Под игом - Иван Вазов
Шрифт:
Интервал:
Закладка:
Огнянов трепетно слушал конец этой песни.
«Этот Стоян, — думал он, — настоящий гайдук, легендарный болгарский гайдук. Смерть он встречает суровым спокойствием. Ни слова сожаления, раскаяния, надежды. Единственное желание — умереть достойно!.. Если бы теперешние болгары были такими героями!.. О, тогда бы я не беспокоился за исход борьбы… О такой борьбе я мечтаю, такие силы ищу… Уметь умирать — это залог победы…»

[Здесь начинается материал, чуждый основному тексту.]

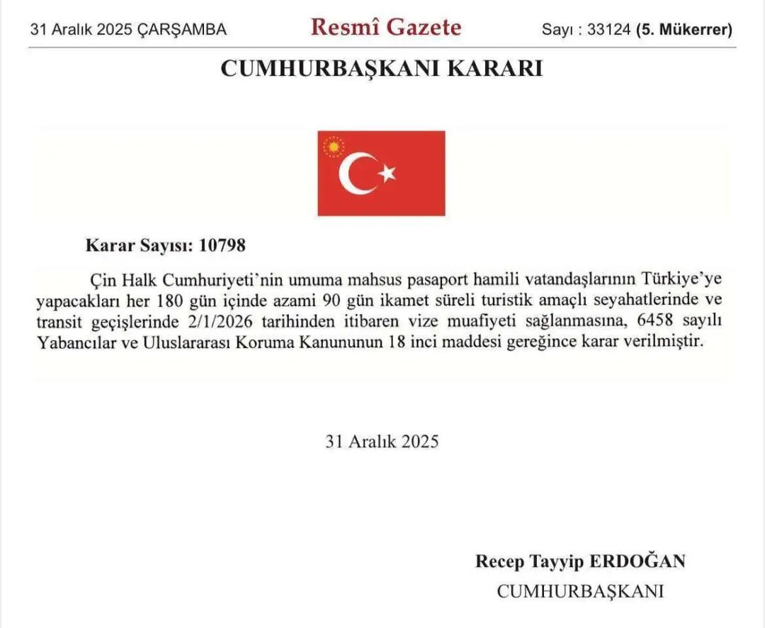 据新华社报道,土耳其政府2025年12月31日宣布,自2026年1月2日起,对持普通护照的中华人民共和国公民实施免签入境政策。

И тут зазвучали кавалы[79]. Мелодия, вначале нежная и грустная, постепенно крепла и ширилась; глаза музыкантов заблестели, лица их загорелись воодушевлением. Ясные звуки звенели, наполняя ночь первобытной, дикой песней гор. Они уносили душу к балканским вершинам и пропастям, они пели о тишине лесистых ущелий, о шелесте — листвы, под которой в полдень отдыхают овцы, о лесных травах, о горном эхе и вздохах любви в логу. Кавал — это арфа болгарских гор и равнин!
Как зачарованные, внимали все этой родной, близкой поэтической музыке. Цанковица, стоя у очага, слушала, не шелохнувшись, уперев руки в бока. Но больше всех восторгался Огнянов, — он чуть было не захлопал в ладоши.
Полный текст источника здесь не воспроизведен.